--- DATASET EXCERPT ---

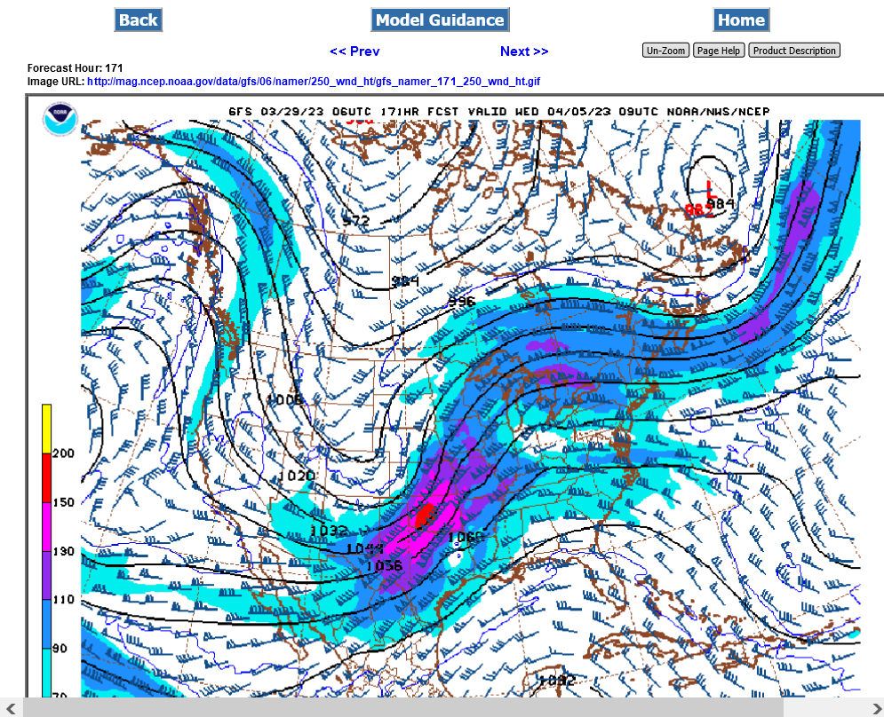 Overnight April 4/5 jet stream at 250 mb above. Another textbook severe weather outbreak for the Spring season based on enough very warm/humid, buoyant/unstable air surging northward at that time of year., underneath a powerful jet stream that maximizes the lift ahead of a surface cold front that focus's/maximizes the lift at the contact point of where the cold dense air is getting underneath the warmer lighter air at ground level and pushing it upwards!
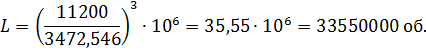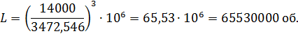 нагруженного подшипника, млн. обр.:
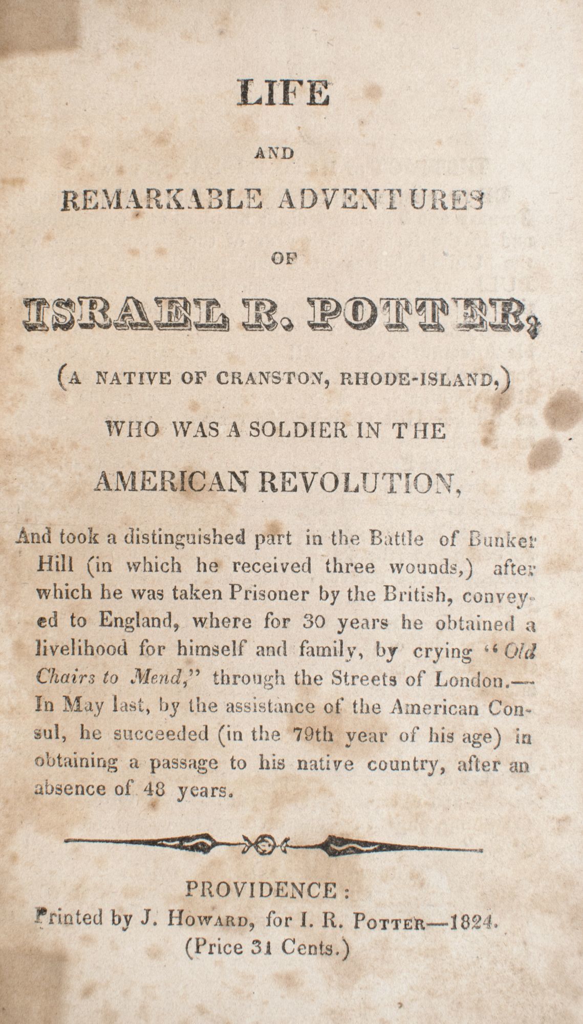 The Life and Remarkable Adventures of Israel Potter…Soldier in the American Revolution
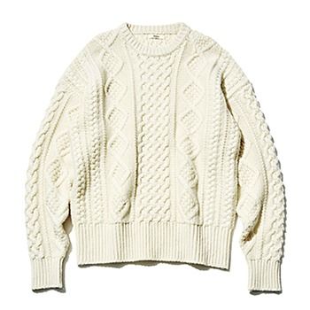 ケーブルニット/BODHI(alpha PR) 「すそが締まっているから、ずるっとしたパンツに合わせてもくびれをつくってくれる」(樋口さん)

---

REQUIRED ACTION:
In the printed copy, the material above must appear unchanged and without its pictures.

ANSWER SPACE:
 Overnight April 4/5 jet stream at 250 mb above. Another textbook severe weather outbreak for the Spring season based on enough very warm/humid, buoyant/unstable air surging northward at that time of year., underneath a powerful jet stream that maximizes the lift ahead of a surface cold front that focus's/maximizes the lift at the contact point of where the cold dense air is getting underneath the warmer lighter air at ground level and pushing it upwards!
 нагруженного подшипника, млн. обр.:
 The Life and Remarkable Adventures of Israel Potter…Soldier in the American Revolution
 ケーブルニット/BODHI(alpha PR) 「すそが締まっているから、ずるっとしたパンツに合わせてもくびれをつくってくれる」(樋口さん)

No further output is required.